Home / Wiadomości  / Pogrzeb Krzysztofa Krawczyka

Pogrzeb Krzysztofa Krawczyka

fot. PAP/Grzegorz Michałowski

Salwą honorową oddaną nad grobem uczczono legendę polskiej muzyki – Krzysztofa Krawczyka. Artysta spoczął na cmentarzu parafialnym w Grotnikach, gdzie mieszkał. Piosenkarz zmarł w Poniedziałek Wielkanocny – 5 kwietnia, w wieku 74 lat. Artystę żegnali dziś między innymi przyjaciele i wierni fani.

 

Pogrzeb Krzysztofa Krawczyka miał charakter państwowy.

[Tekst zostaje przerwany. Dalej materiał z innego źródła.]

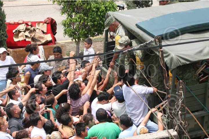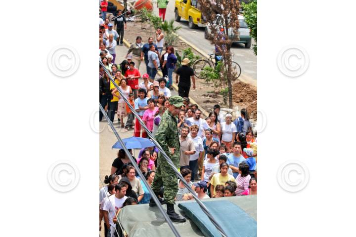 ECATEPEC, ESTADO DE MÉXICO, 03JULIO2011.- Elementos del Ejército Mexicano repartieron despensas entre los afectados por el desbordamiento del Río de los Remedios en la calle Valle de Almazazora, en la colonia Valle de Aragón. FOTO: LM ACEVEDO/CUARTOSCURO.COM

Uroczystości rozpoczęła Msza św. pogrzebowa w archikatedrze łódzkiej, w której wzięli udział przedstawiciele władz miasta, województwa i rządu, w tym wicepremier, minister kultury Piotr Gliński. Przy trumnie artysty czuwała warta honorowa. Ze względu na obostrzenia związane z pandemią do archikatedry mogło wejść tylko kilkadziesiąt osób, fani Krzysztofa Krawczyka ustawili się więc wokół świątyni. Niektórzy z nich, by uczcić piosenkarza, przejechali setki kilometrów.

 

Biskup pomocniczy senior archidiecezji częstochowskiej Antoni Długosz w homilii podkreślił, że śmierć Krzysztofa Krawczyka poruszyła całą Polskę. Jak mówił, Polacy docenili to, że artysta „dał całego siebie”. Cytował wpisy z internetu, mówiące, że „żaden Sylwester i żadna impreza w gronie przyjaciół nie mogły się odbyć bez „Podróży parostatkiem w piękny rejs” i „skasowania kilku bryk”.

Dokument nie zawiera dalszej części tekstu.